**Task to carry out:** Everything from the line containing "<B>Raleigh, NC</B></I> - $10" through the final line below must be output exactly, both ends included, with nothing else and no pictures.
··· Material provided ···
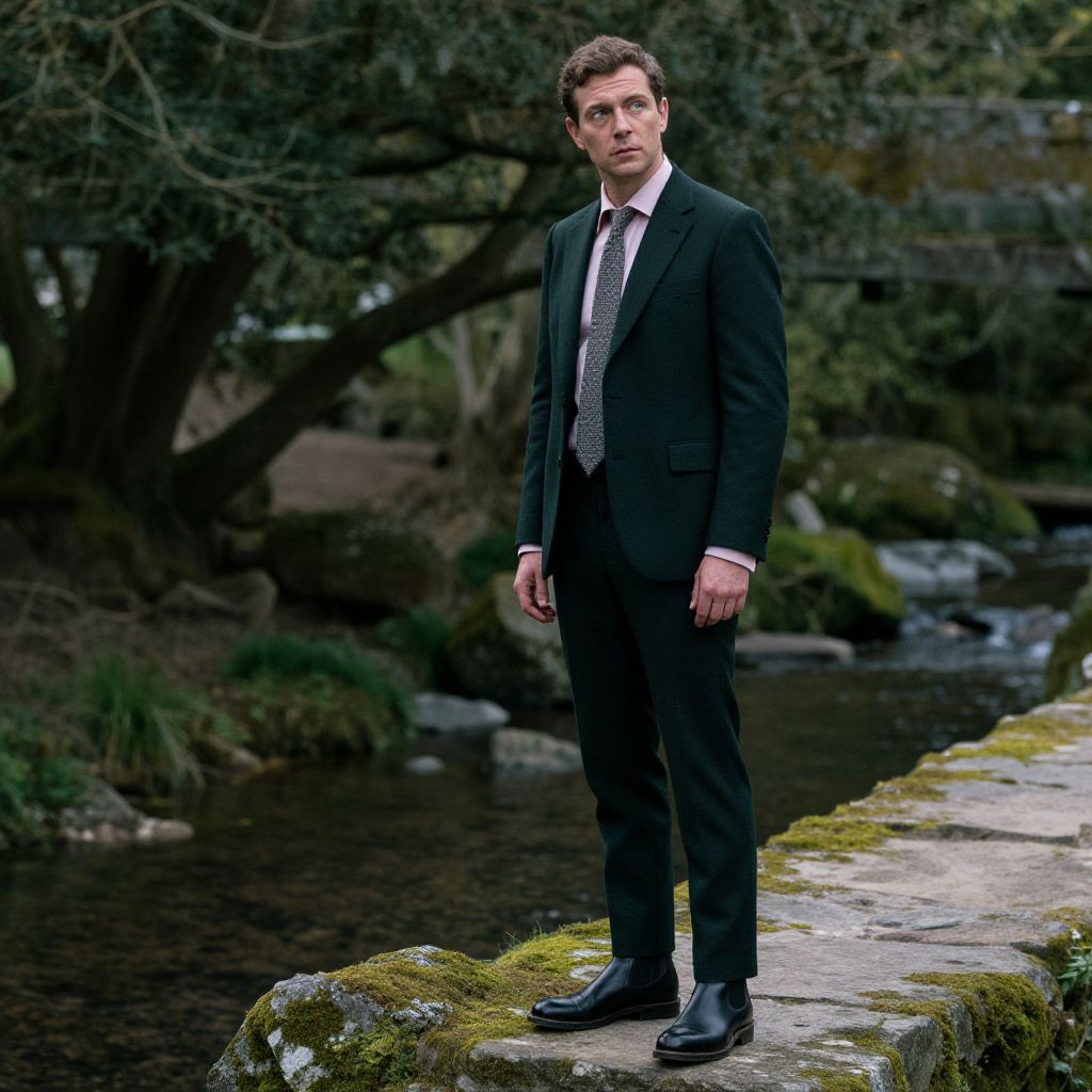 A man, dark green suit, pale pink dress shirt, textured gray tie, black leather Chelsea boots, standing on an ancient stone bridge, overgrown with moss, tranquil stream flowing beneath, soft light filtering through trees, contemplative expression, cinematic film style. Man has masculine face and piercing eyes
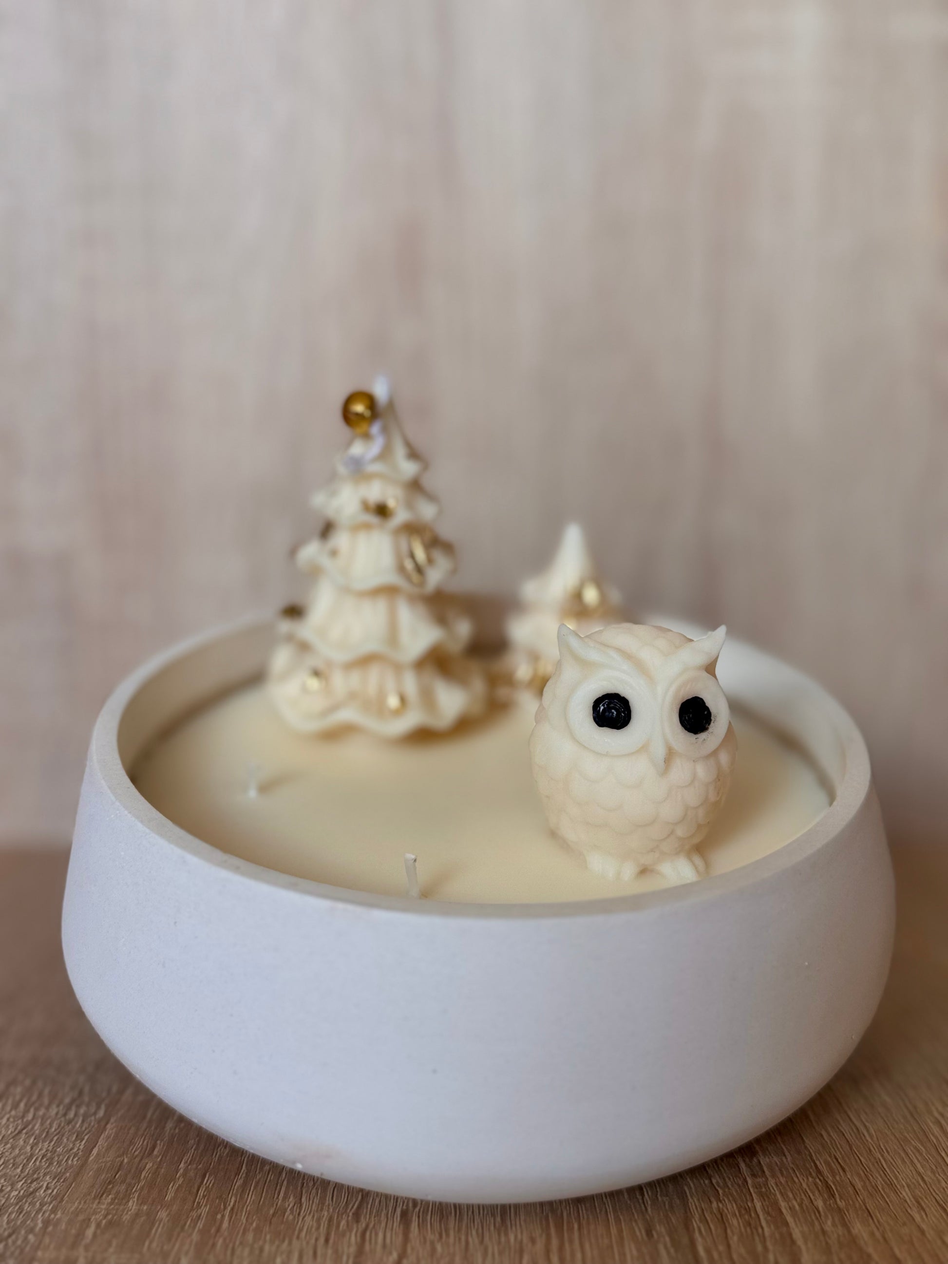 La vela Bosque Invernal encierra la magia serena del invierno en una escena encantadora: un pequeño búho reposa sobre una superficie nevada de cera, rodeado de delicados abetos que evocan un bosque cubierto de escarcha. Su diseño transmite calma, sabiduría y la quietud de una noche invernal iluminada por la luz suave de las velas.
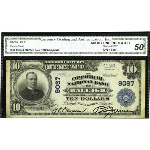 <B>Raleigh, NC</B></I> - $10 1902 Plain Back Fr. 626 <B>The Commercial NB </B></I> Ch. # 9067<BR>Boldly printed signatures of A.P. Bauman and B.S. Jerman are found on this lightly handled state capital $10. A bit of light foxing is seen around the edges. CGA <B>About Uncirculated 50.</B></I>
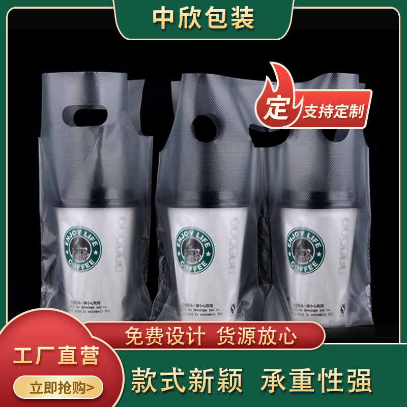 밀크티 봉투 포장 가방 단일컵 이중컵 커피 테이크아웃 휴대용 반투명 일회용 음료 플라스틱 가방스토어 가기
···
**Response:**
 <B>Raleigh, NC</B></I> - $10 1902 Plain Back Fr. 626 <B>The Commercial NB </B></I> Ch. # 9067<BR>Boldly printed signatures of A.P. Bauman and B.S. Jerman are found on this lightly handled state capital $10. A bit of light foxing is seen around the edges. CGA <B>About Uncirculated 50.</B></I>
 밀크티 봉투 포장 가방 단일컵 이중컵 커피 테이크아웃 휴대용 반투명 일회용 음료 플라스틱 가방스토어 가기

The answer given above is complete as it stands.